Syria's ruling Baath Party stripped the country's former vice president of membership and joined parliament in demanding his trial on a charge of high treason, the official news agency SANA reported Sunday.

The move came two days after former Vice President Abdul-Halim Khaddam said in a television interview from Paris that Syria's leader threatened former Lebanese Prime Minister Rafik Hariri months before Hariri was assassinated in a truck bombing.

Khaddam told the Al-Arabiya satellite channel that Syrian President Bashar Assad warned Hariri in August 2004 that he would "crush whoever attempts to overturn our decision" to extend the term of Lebanon's pro-Syrian president.

While Khaddam said in the interview that he planned to return to Syria with his family to write a book, it was unclear if he would go back facing a treason charge.

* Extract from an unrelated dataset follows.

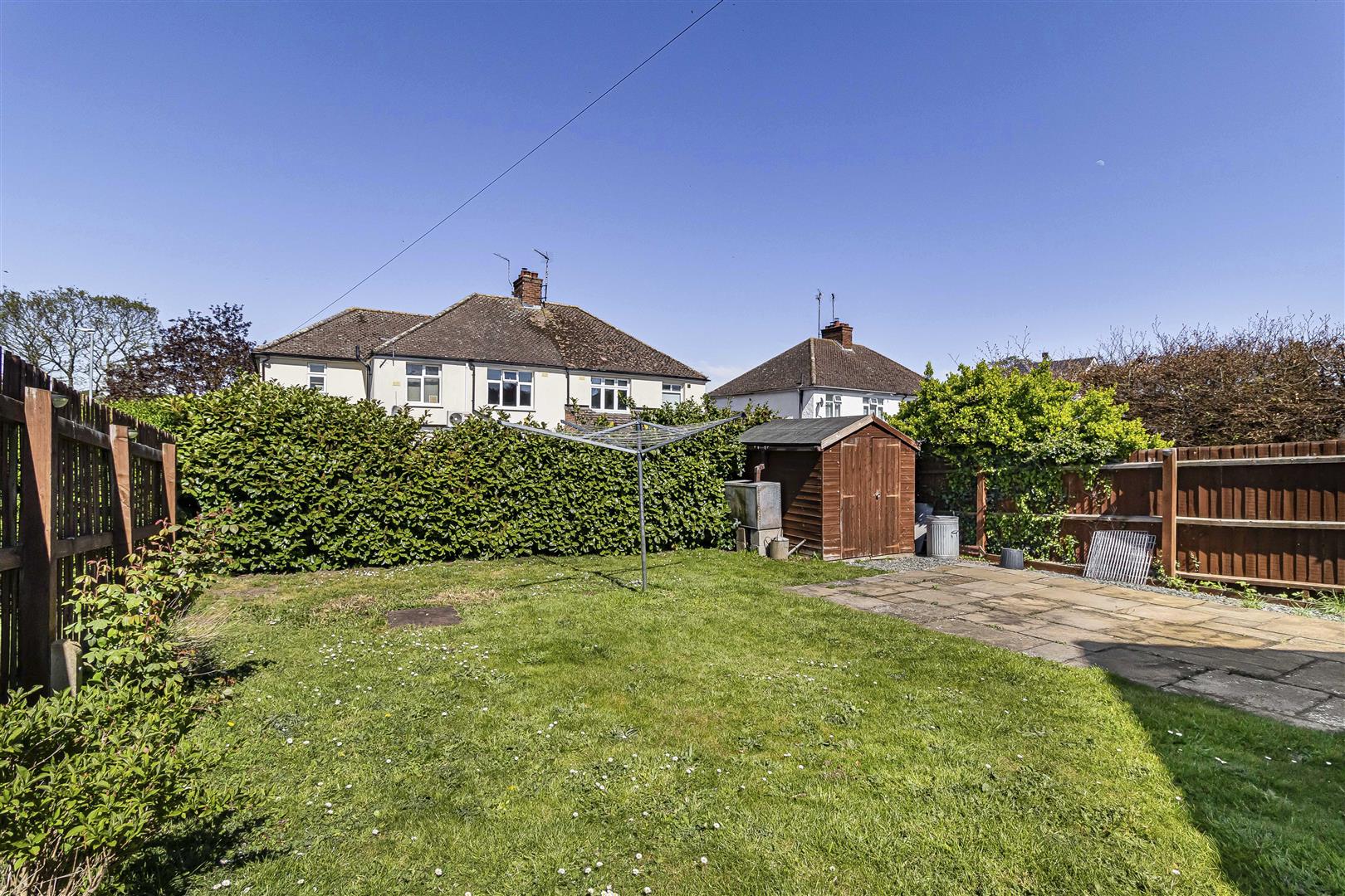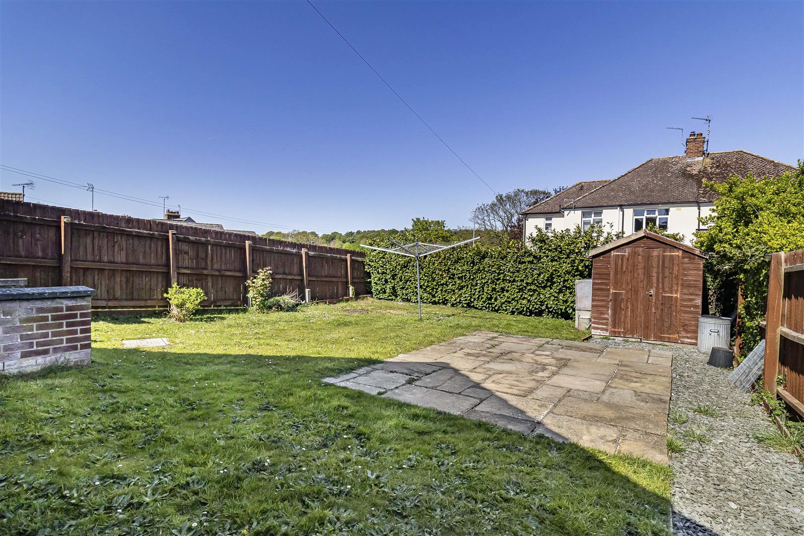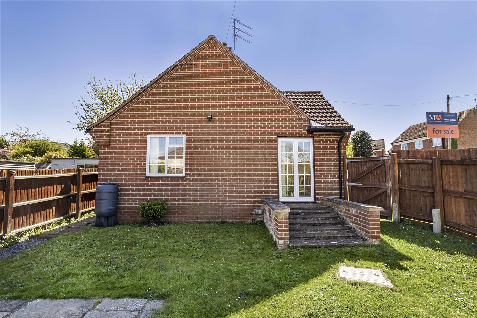 Mainly laid to lawn with a patio seating area to the side. Steps lead up to the French doors to the living room. Pathway to the side of the house with a door to the lobby. Gravelled pathway leading to the timber shed. Some established shrub planting. Access gates to the front

Conviction would bring the death penalty.

"Khaddam has joined the band of enemies who are targeting the country and its attitudes," the Baath Party statement said. "Khaddam has betrayed the party, the country and the (Arab) nation. The National Leadership has decided to dismiss Khaddam from the party and put him on trial."

The French Foreign Ministry confirmed Khaddam has been in France for several months but declined to give any details on his whereabouts or whether he has asked for protection.

Syria's push for the three-year extension of Emile Lahoud's presidency in September 2004 — which Hariri opposed — was considered responsible for the crisis in Lebanese-Syrian relations that preceded Hariri's assassination last Feb. 14.

Widespread street protests by Lebanese and international pressure forced Assad's government to end a nearly three-decade Syrian troop presence in its neighbor.

A United Nations probe has since implicated top Syrian security officials in the bombing that killed Hariri and 20 other people in central Beirut. Assad's government has denied being involved.

In Khaddam's first extensive TV interview since he left Syria several months ago, the former leader quoted the Syrian president as telling Hariri: "You want to bring a (new) president in Lebanon ... I will not allow that. I will crush whoever attempts to overturn our decision."

The decision to strip Khaddam of party membership was announced in a statement issued by the Baath Party's National Leadership, the country's highest decision-making authority, which is headed by Assad.

On Saturday, parliament passed a binding measure that Khaddam be tried for high treason, a charge that is reserved for high officials and carries the death penalty.

Khaddam made his comments as he declared a formal break with Assad, citing corruption and the president's failure to institute reforms.

Khaddam, a one-time Baath Party stalwart, became a vice president in 1984 and resigned in June. He was the nominal leader in Syria for a short period after Assad's father, President Hafez Assad, died in June 2000 and was Syria's point man on Lebanon for many years, until 1998.